There could be a few factors that affect the diagnosis of CD in China. Firstly, the main symptom of CD can be easily covered by symptoms caused by other clinical situations. Typically, pathological changes of CD include intestinal mucosal atrophy, flattening of the villi, deepening of the crypt, cubic-like columnar epithelial cells, scarce brush borders, and a great quantity of inflammatory cell infiltration. However, among the pathological changes associated with CD, a great amount of inflammatory cell infiltration may be the only manifestation seen at the early stage of the disease, while the flattening of villi and mucosal atrophy prominent occur later. Marsh (1992) and Marsh and Crowe (1995) categorized this disease into 5 stages as follows: 0, pre-infiltration period; 1, infiltration period; 2, infiltration/proliferation period; 3, flat destruction period; 4, atrophic/hypoplastic period. The failure to recognize the early and mild pathological changes in intestinal biopsy samples might have frequently resulted in a missed diagnosis of CD, accounting for its underestimated prevalence. Therefore, we should pay more attention to this disease, especially to those patients at Marsh 0~2 stages. In our hospital, the first CD patient was diagnosed with the help of American pathologists (Dr. Kevin Thompson and Dr. Jun Wang, GI/Liver pathologists, Loma Linda University, USA). Secondly, some CD patients have extraintestinal symptoms, such as anemia, osteoarthritis, peripheral neuropathy, and endocrine abnormalities, as initial symptoms (Corazza and Gasbarrini, 1995), and some subclinical patients had very mild symptoms or even no symptom. These silent and latent forms of CD further contribute to the underestimated prevalence of CD. Thirdly, in many regions of China, rice rather than wheat is the staple diet, which makes people with the predisposing CD gene to present only latent forms of CD. All these reasons may have made CD under-diagnosed in China.
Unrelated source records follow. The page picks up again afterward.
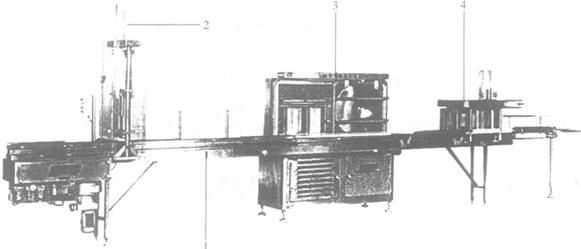 图3-5-24 火腿成型过程中的部分设备 1-输送机 2-塑料袋翻提机 3-真空封口机 4-加盖装置 |
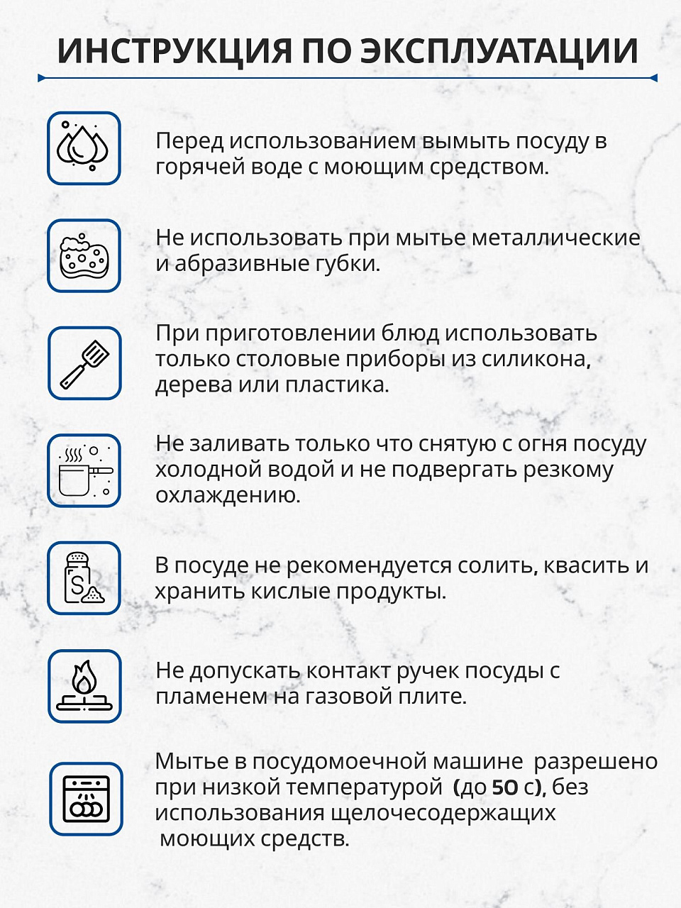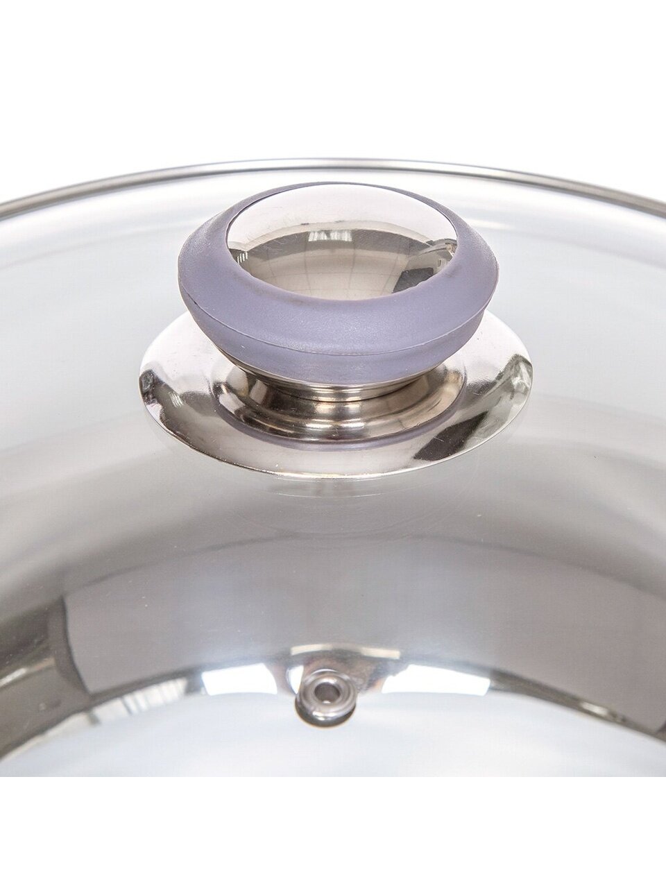 Корпус посуды выполнен из нержавеющей стали, толщина 0.5 мм, крышки — из термостойкого стекла. Такой материал устойчив к коррозии и сохраняет внешний вид даже при частом использовании. Толщина дна: 3 мм.
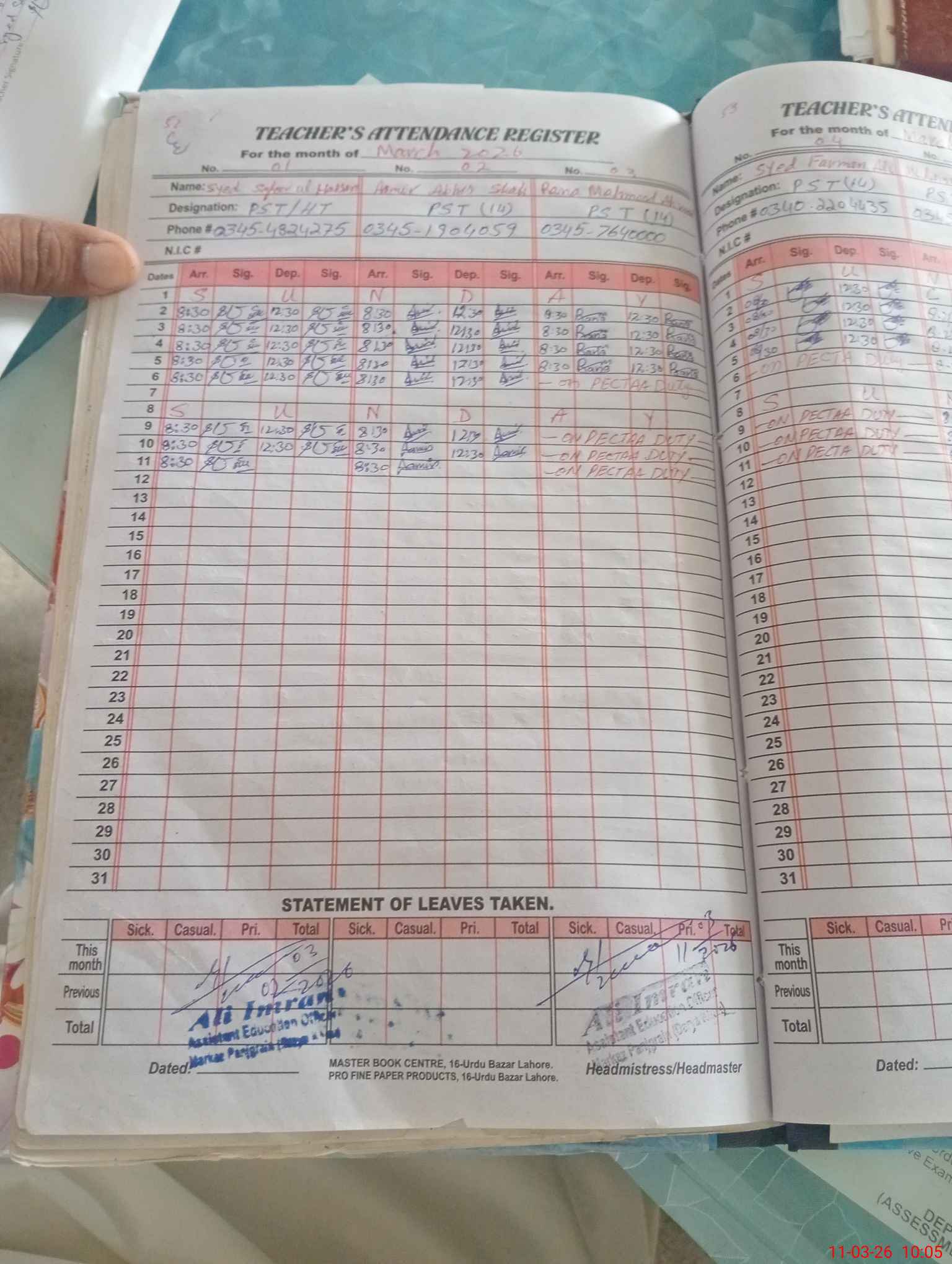 | Name: Sy**** Sa**** UlHa**** Designation: (School Headmaster's/Headmistress's) PST HEAD Phone/Cell Number: 03**** |
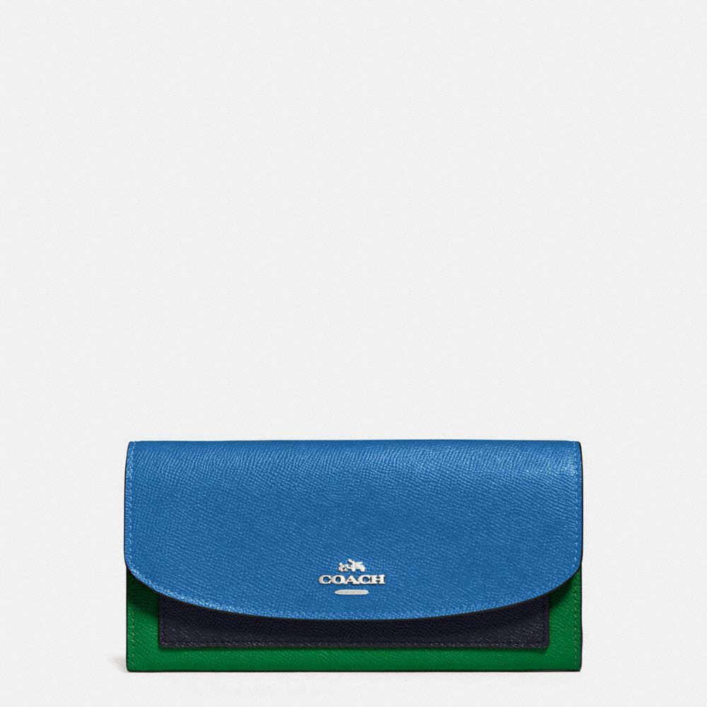 1. COACH f56492 - SLIM ENVELOPE WALLET IN GEOMETRIC COLORBLOCK CROSSGRAIN LEATHER - SILVER/LAPIS
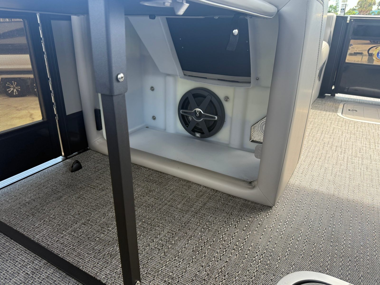 Powering this exceptional pontoon is a single Mercury (D) 300L Verado V8 engine, delivering a robust 300 horsepower for exhilarating acceleration and impressive cruising speeds. The Mercury Digital DTS Pre-Rig for VERADO engines with Vessel Link ensures seamless integration and precise control, while hydraulic and power assist steering make handling effortless, even in challenging conditions. With digital gauges providing real-time performance data, you’ll always be in command, whether you’re gliding across calm waters or navigating busy waterways. The rig engine features a stainless steel prop, optimizing efficiency and durability for long-lasting enjoyment.
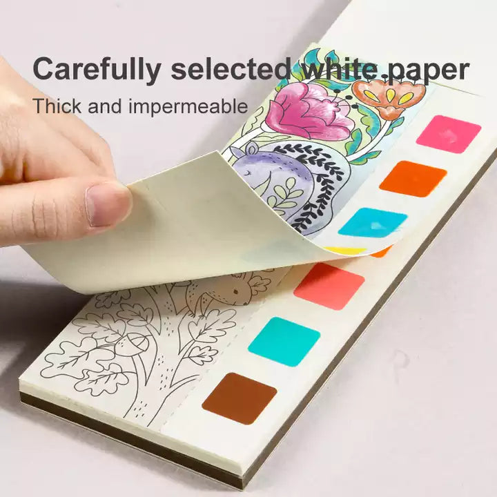2) There are three types of graffiti small picture books with paints in total, fairy tale dream, fantasy forest, dream garden, each with 20 small paintings and color blocks, just dip the paint with a paintbrush. You can start coloring, 3) One color board per page to avoid mixing of pigments. Strictly selected white cardboard, which is thick and does not leak ink.
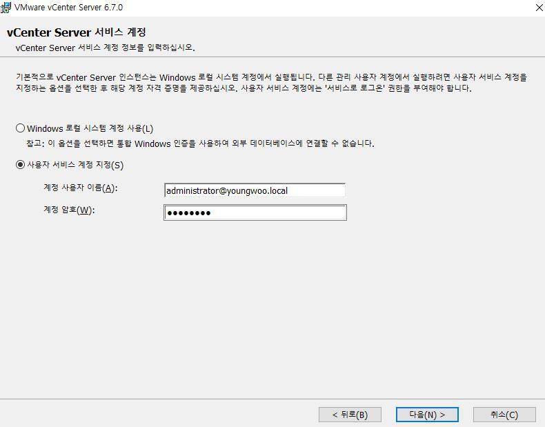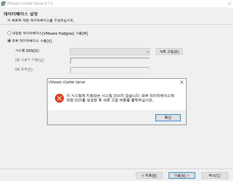 - vCenter DB 선택, DB 사용자 계정 및 암호 입력하세요.
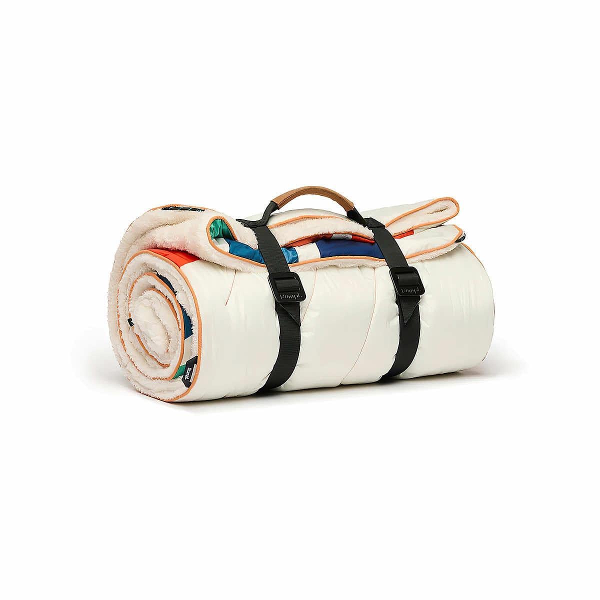 Rumpl is bringing back the 70s with the Sherpa Puffy Blanket! Rumpl paired the tried and true Original Puffy Blanket with an impossibly soft Sherpa fleece material to create the ultimate blanket that keeps you cozy anywhere. The Sherpa Puffy blanket is one side Original Puffy, one side incredibly soft and durable sherpa fleece. It will stay soft, wash after wash. The Sherpa Puffy synthetic insulation is made from 100% post-consumer recycled materials. Rumpl uses a 90/10 DWR, also known as a durable water repellent, on all of their blankets. This finish provides protection from the elements, making these blankets weather and stain resistant. The Cape Clip®, featured on all 1-Person blankets, allows you to wear your blanket hands-free so you can start a fire, drink your bevy, or change the channel, all while staying warm. Bring coziness anywhere with the Sherpa Puffy Blanket!

The prognosis of CD patients depends on the timing of treatment. Most patients are sensitive to gluten free diet (the standard treatment), so their symptoms improve significantly after 1~2 weeks of diet treatment and their small intestinal injuries recover gradually 6~12 months later. Even for those subclinical patients with no symptom, there can be pathologic changes in the mucous membrane of the small intestine, such as lymphocyte infiltration with crypt proliferation (Marsh and Crowe, 1995), and long-term lymphocyte infiltration and inflammation in mucous membrane of the small intestine, as well as the increase of the morbidity of T cell lymphoma (Mayer et al., 1991; Goldacre et al., 2008; Makishima et al., 2006). Therefore, timely diagnosis is the key to prevent worsening of CD and improve the prognosis of CD. In China, it is important to carry out serological examination and gene screening not only in suspicious patients and high-risk groups (first-degree relatives of CD patients, and patients with type 1 diabetes, herpes dermatitis, etc.), but also in the general “healthy” population.